The issues described in this post occurred with a Samsung Galaxy Note 3 with the Samsung-supplied Android build, and the Samsung-supplied lock screen. I’ve had similar (but different, in general slightly less severe) issues with Cyanogenmod in the past. I’m not sure what the current state of stock Android is — but the fact that this works differently across different Androids is part of the problem.
As a related aside, Google’s Google Now powered vision for smart watches, where the watch automatically shows contextual information like the show times for the cinema you’re standing next to, or the bus schedule for the bus station you’re currently at, or location-based reminders, or the gate number for your next flight, seems much more compelling and focused than Apple’s «everything but the kitchen sink zoomable app page with dozens of apps» approach.
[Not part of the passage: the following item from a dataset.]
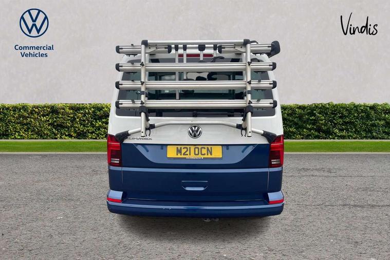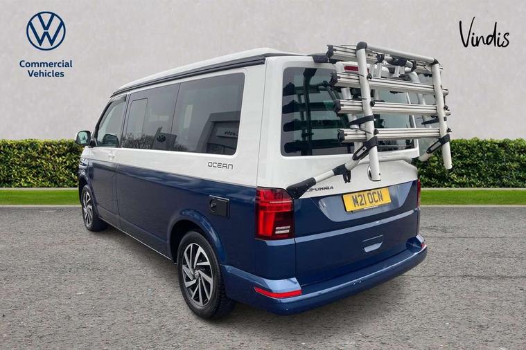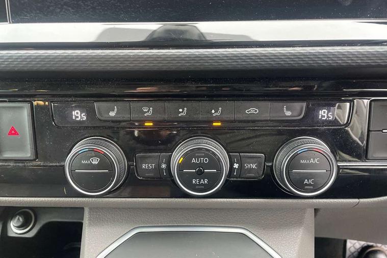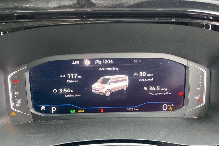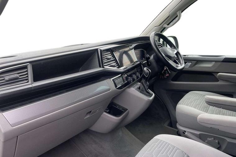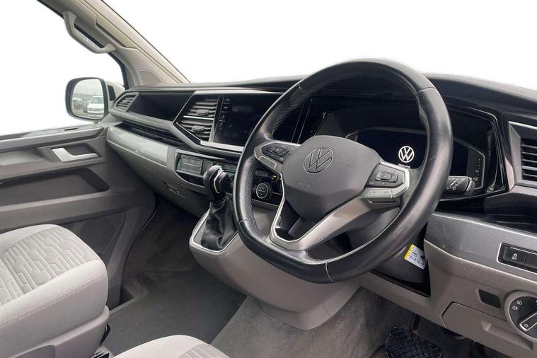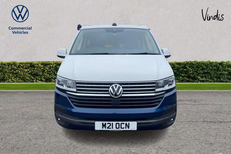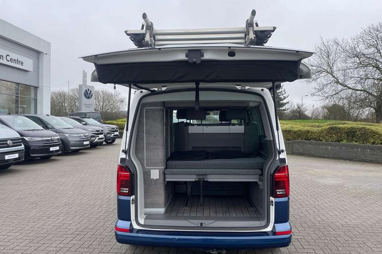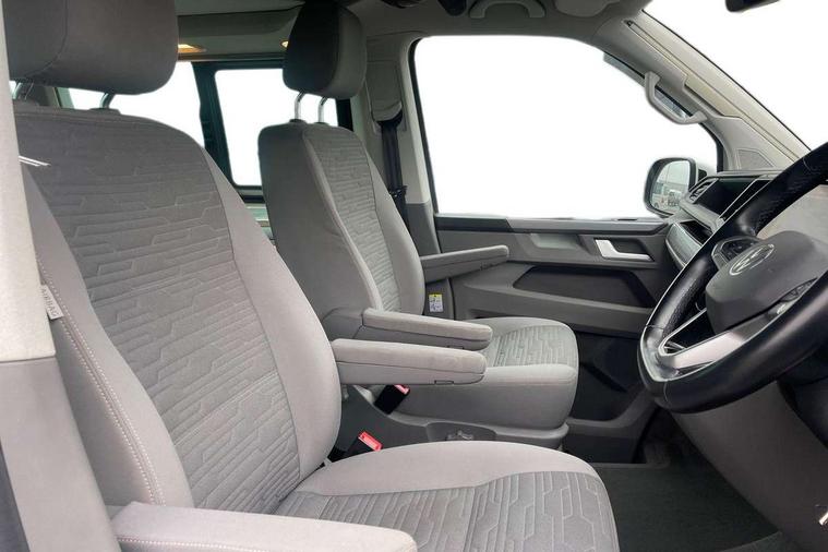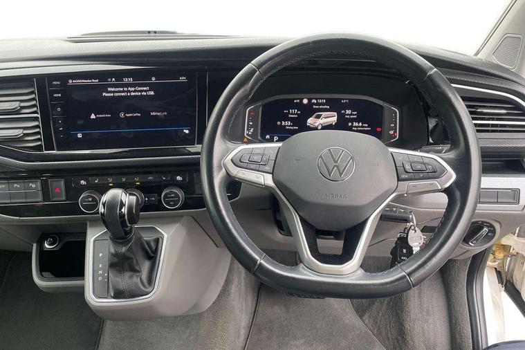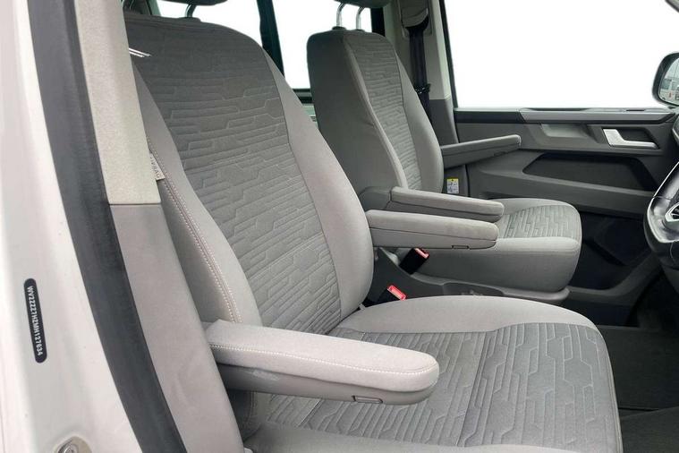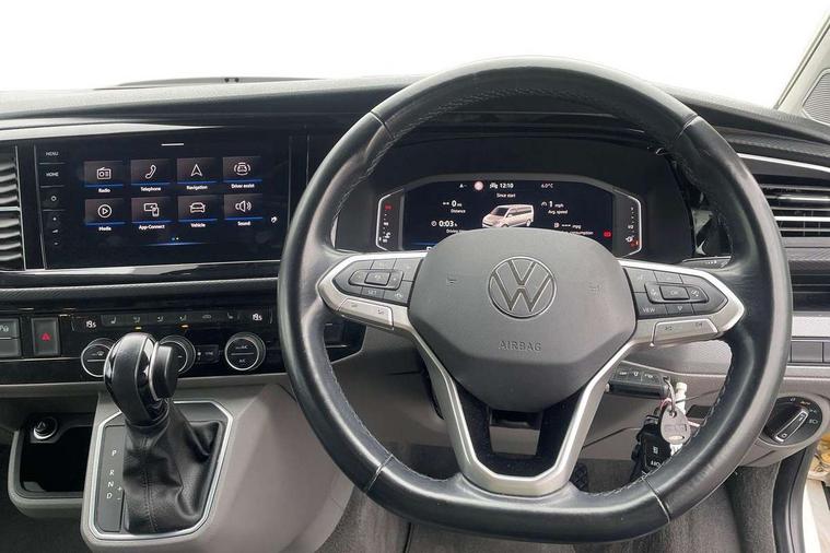 8" touch screen, Cross wind assist, Digital cockpit and driver alert system, eCall emergency system, Mobile phone interface, Navigation system preparation, Service interval indicator, Speed limiter, Start/stop system with regenerative braking, Tailgate latch without unlocking function from inside, Tailgate with window aperture and with power latching, Voice control system, Wired and wireless app connect, 17 inch chassis with 17 inch disc brakes in front and 16 inch disc brake in rear, 2 additional batteries with free maintanace including 1 additional battery with cut-off relay, 2 (type C) USB interfaces in dashboard, 8 speakers (4 tweeters + 4 woofers), Digital radio reception (DAB+), Regional code ECE for radio, Additional dust seals on the outside, Automatic headlight range control, Body coloured door handles, California nameplate on the fender and on the rear, Electrohydrolic operated pop up roof with 3 windows and 1 front aperture, Front fog lights with cornering light, Heat insulating cab side windows, passenger compartment side windows tinted and with double glazing, Heated washer nozzles in front and washer fluid level indicator, LED headlamps with LED separate daytime running light, Left convex exterior mirror, Mounting rails on the roof (preparation for movable roof rack), Power adjustable, heated, power folding exterior mirrors, folding possible via vehicle key, Privacy glass with heat insulation, Radiator grille painted in black with 5 chrome trims, additional chrome trim at lower radiator grille, Rear window with insulating glass, rear window wiper and washer system, Right convex exterior mirror, Sliding window in front with fly screen and fixed window in rear in load passenger compartment left, Sliding window in sliding door and fixed window in rear passenger compartment, right, Without left sliding door in load/passenger compartment, 1 waste bin in door storage compartment of the cab, 12V outlets in dashboard X 2, 2 velour floor mats, 2-seater bench/bed, movable along rail system and folds down into a two person bed, 230V inlet with charging feature for vehicle batteries and 230V outlet in the interior, 3 spoke leather wrapped multifunction steering wheel, Additional LED interior lighting, featuring lighting in pop-up roof, tailgate and kitchen cupboards, Allergen filter, Armrest for both cab seats, Camping table for inside/outside in sliding door and 2 folding chairs in tailgate, Child seat anchors ISOFIX and top tether for Multivan/California in 2nd to 4th row of seats, Climatronic 3 zone air conditioning with 2nd evaporator, auxiliary heater, air conditioned headliner and additional passenger control, Dimmable illuminated instruments, Electromechanical speed sensitive power steering, height and longitudinally adjustable steering column, Front head restraints, Fully functional kitchen with gas hob, sink and 42 litre compressor cool box, Glove compartment with illumination, Grab handles on A pillar for access, on driver and front passenger side, Heated driver and front passenger seats, Illuminated steps in passenger/load compartment, Illuminated sun visors with mirror and airbag label on front passenger sun visor, Interior light concept for camper with comfort in passenger compartment, Interior loading edge protection in plastic, Jack and tool kit, Manually adjustable lumbar supports for left and right single seat in the 1st row of seats, Operating voltage 12V including 230V outlet on driver seat, Plastic floor covering in passenger/load compartment, Programmable parking heater with radio remote control and auxiliary heater, Rear head restraints, Refrigerant R1234yf, Roof bed (2000 x 1200 mm) with spring plates and mattress, Soft folding grab handles on roof frame, Special interior noise suppression measures, Special sound deadening measures in cab and passenger compartment, Step illumination with California lettering, Swivel seat on the left, with lumbar support in 1st row of seats, Swivel seat on the right, with lumbar support in 1st row of seats, Waeco compressor fridge, Without height adjustment for driver and single passenger seats, Lights and vision pack - California, Smokers pack - California, Airbags - Drivers and front passengers side and curtain airbags, Driver/Front Passenger airbags, Electronic stability control, ABS, ASR, EDL, brake assist system, Front assist with Autonomous emergency braking for Adaptive cruise control (ACC), Height adjustable 3 point seat belts on outer seats in cab with electric pretensioners, Hill start assist, Manual passenger airbag deactivation function, Power operated child safety locks, Single tone horn, Warning buzzer and light for driver seat belt not fastened, Anti theft alarm system with interior monitoring in cab, backup horn and towing protection, Central locking system with radio remote control, system controls inside and safelock, Lockable wheel bolts, Comfort dashboard lower part in palladium with chrome elements and bezels painted in black,

If you hadn’t know that these would be what the two companies would do, wouldn’t you have guessed that Google would throw in every feature they could think of without explaining why you’d want any of it, while Apple would offer a focused product with a clear, compelling story?
And while it’s easy to make fun of Moto 360’s «flat tire», what Apple has to offer — a thick square that lacks battery power despite of it sheer size — doesn’t really seem any better, particularly if it’s hanging from somebody’s wrist, rather than positioned perfectly a pristinely designed keynote slide.
This is not to say that the Apple Watch won’t sell well; just that it seems more compelling as a status symbol or a fashion item, rather than as a truly useful device that can stand on its own, based just on its utility. And I think Apple knows this, as evidenced by the way they market their watch.